Travels With Yourself and Others
So you’re newly single and ready to let the beauty of the world soothe your broken heart. Now the question is: Should you go alone or rely on your community?
The frustrating answer is that it depends. And you’ll have to figure it out for yourself.
Solo travel can either be introspective or overtly social. Having hard conversations and spending quality time with yourself can boost your self-esteem, which always helps when trying to move on from emotional pain.
Alternatively, you can use your solo trip to meet as many people as possible. It’s easy to make friends when traveling alone, and the random adventures that follow can be a perfect temporary distraction before going home and dealing with your feelings.
But traveling with loved ones in moments of vulnerability can also be healing. If you’re having trouble taking care of yourself, your companions can make sure that you eat, handle the mental stress of planning, and force you to leave the room once in a while.
Take some time to think about what you need from this trip. Then decide what best suits those needs.
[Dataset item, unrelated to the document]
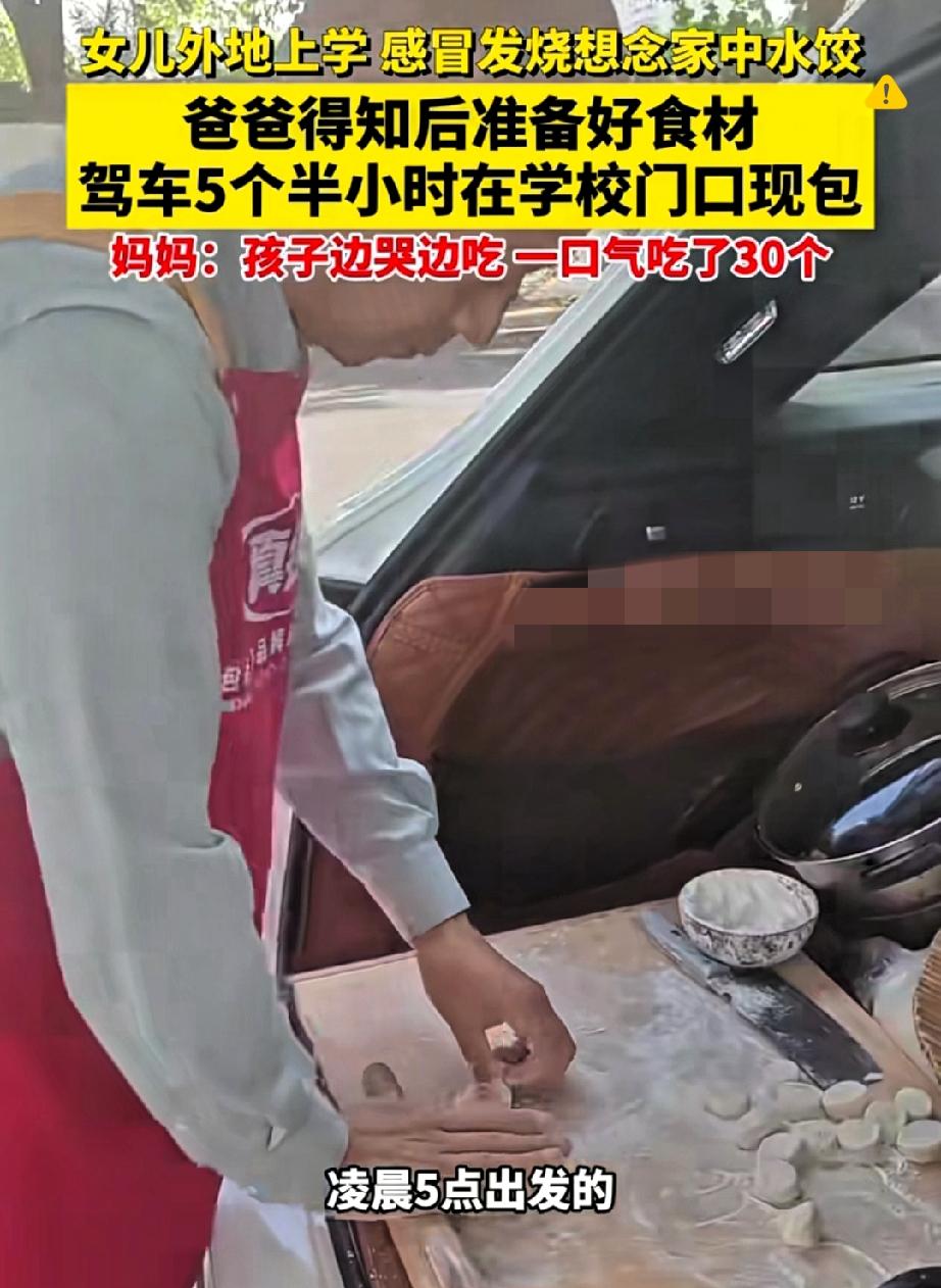 看哭了家人们! 山东爸爸的爱太戳心了! 女儿南京上学感冒发烧,念叨想吃家里的白菜熟肉水饺,他凌晨5点驾车5小时赶去,在车后备箱现场擀皮、包饺子、煮水饺,这份笨拙又滚烫的爱,比任何特效药都管用。 女孩边哭边吃一口气炫30个,喊着“就是这个味”,其实她馋的哪里是水饺,是爸妈掌心的温度和家的安全感啊。 现在外卖、快递再便捷,也送不来这份带着风尘仆仆的牵挂,父母的爱从不是花言巧语,而是把你随口的念叨,当成最重要的事。 那些说不出口的心疼,都藏在亲手做的饭菜里,这才是无法复刻的独家温暖。 你有没有过被爸妈这种“突然的爱”打动的瞬间? 他们曾为你做过哪些看似平常却超暖心的事?快来评论区说说~

Sometimes, Staying Home Is the Answer
Post-breakup trips aren’t always sunsets in Bali and butterflies in Mexico. Travel can be stressful and destabilizing, so Dr. Thomas suggests being conscious of your mental and emotional stability.
A vacation might not be a good course of action if you feel overwhelmed or anxious, particularly if you are considering escaping to a country where you don’t speak the language.
If you’re at the point of heartbreak where feeding yourself or getting out of bed is a struggle, dealing with the stress of navigating a foreign country might do more harm than good.
Still keen on getting out of your city? Consider following Kortney’s strategy and head somewhere close to home but far enough to feel different. If you can’t handle it, coming back will be easy.
Healing When You Can’t Travel
Not everyone can afford a spontaneous trip. For these cases, Dr. Fielding and Dr. Thomas recommend relying on your support system, developing a healthy routine, and making time to check in with yourself.
If you need to engage in avoidant behavior at first, go ahead and binge cheesy '90s rom-coms while throwing chocolate at the screen like Elle Woods. But as with travel, be conscious that this behavior can’t last forever.
It also helps to know that, trip or not, you will eventually heal. Take it from the people who’ve lived it. One day, you’ll wake up and find yourself wondering why you were even sad over your ex.
In the meantime, if you are mentally, physically and financially able to book a trip, travel might be just what the heartbreak doctor ordered.